When you provide your own Avro schema, that schema defines the final structure of your data. Any extra values in any incoming events that are not mapped in the Avro schema will not be included in the final destination. Data Prepper does not allow the use of include_keys or exclude_keys with a custom schema so as to avoid confusion between a custom Avro schema and the include_keys or exclude_keys sink configurations.

In cases where your data is uniform, you may be able to automatically generate a schema. Automatically generated schemas are based on the first event that the codec receives. The schema will only contain keys from this event, and all keys must be present in all events in order to automatically generate a working schema. Automatically generated schemas make all fields nullable. Use the include_keys and exclude_keys sink configurations to control which data is included in the automatically generated schema.

Avro fields should use a null union because this will allow missing values. Otherwise, all required fields must be present for each event. Use non-nullable fields only when you are certain they exist.

Use the following options to configure the codec.
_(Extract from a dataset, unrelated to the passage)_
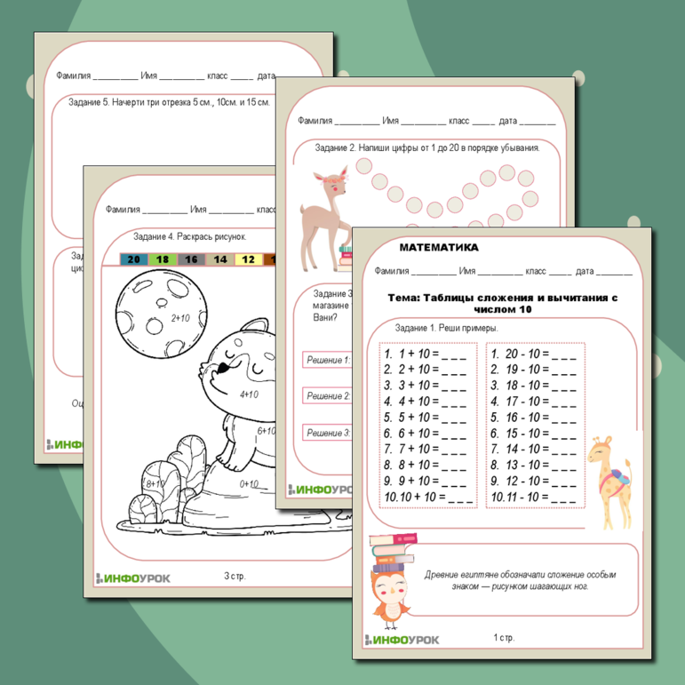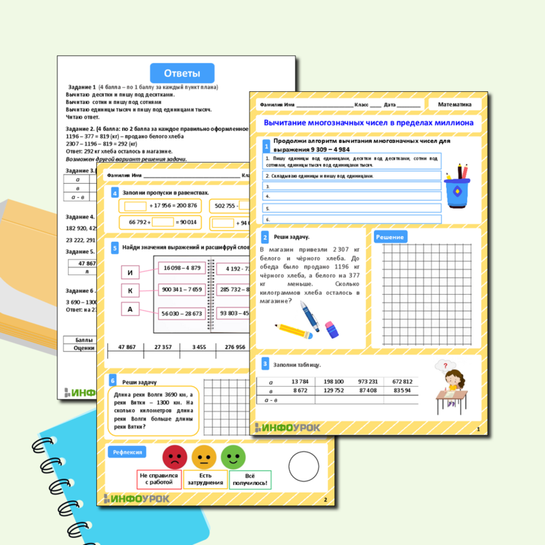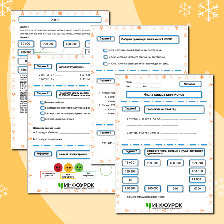 Рабочий лист числа в пределах миллиона

Option Required Type Description
schema Yes String The Avro schema declaration. Not required if auto_schema is set to true.
auto_schema No Boolean When set to true, automatically generates the Avro schema declaration from the first event.

ndjson codec

The ndjson codec writes each line as a JSON object. The ndjson codec does not take any configurations.

json codec

The json codec writes events in a single large JSON file. Each event is written into an object within a JSON array.

Use the following options to configure the codec.
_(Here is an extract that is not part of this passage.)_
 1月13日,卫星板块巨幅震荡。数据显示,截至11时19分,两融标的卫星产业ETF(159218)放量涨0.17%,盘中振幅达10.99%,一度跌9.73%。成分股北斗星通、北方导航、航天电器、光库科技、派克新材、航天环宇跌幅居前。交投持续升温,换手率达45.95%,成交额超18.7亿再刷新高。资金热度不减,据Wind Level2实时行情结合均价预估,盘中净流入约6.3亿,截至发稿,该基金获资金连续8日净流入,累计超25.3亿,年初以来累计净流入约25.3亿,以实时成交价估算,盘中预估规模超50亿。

Option Required Type Description
key_name No String The name of the key for the JSON array. By default this is events.

parquet codec

The parquet codec writes events into a Parquet file. When using the codec, set buffer_type to in_memory.

The parquet codec writes data using the schema. Because Parquet requires an Avro schema, you may either define the schema yourself or have Data Prepper automatically generate it. Defining your own schema is recommended because this will allow it to be tailored to your particular use case.

For more information about the Avro schema, refer to Avro codec.

Use the following options to configure the codec.

Option Required Type Description
schema Yes String The Avro schema declaration. Not required if auto_schema is set to true.
auto_schema No Boolean When set to true, automatically generates the Avro schema declaration from the first event.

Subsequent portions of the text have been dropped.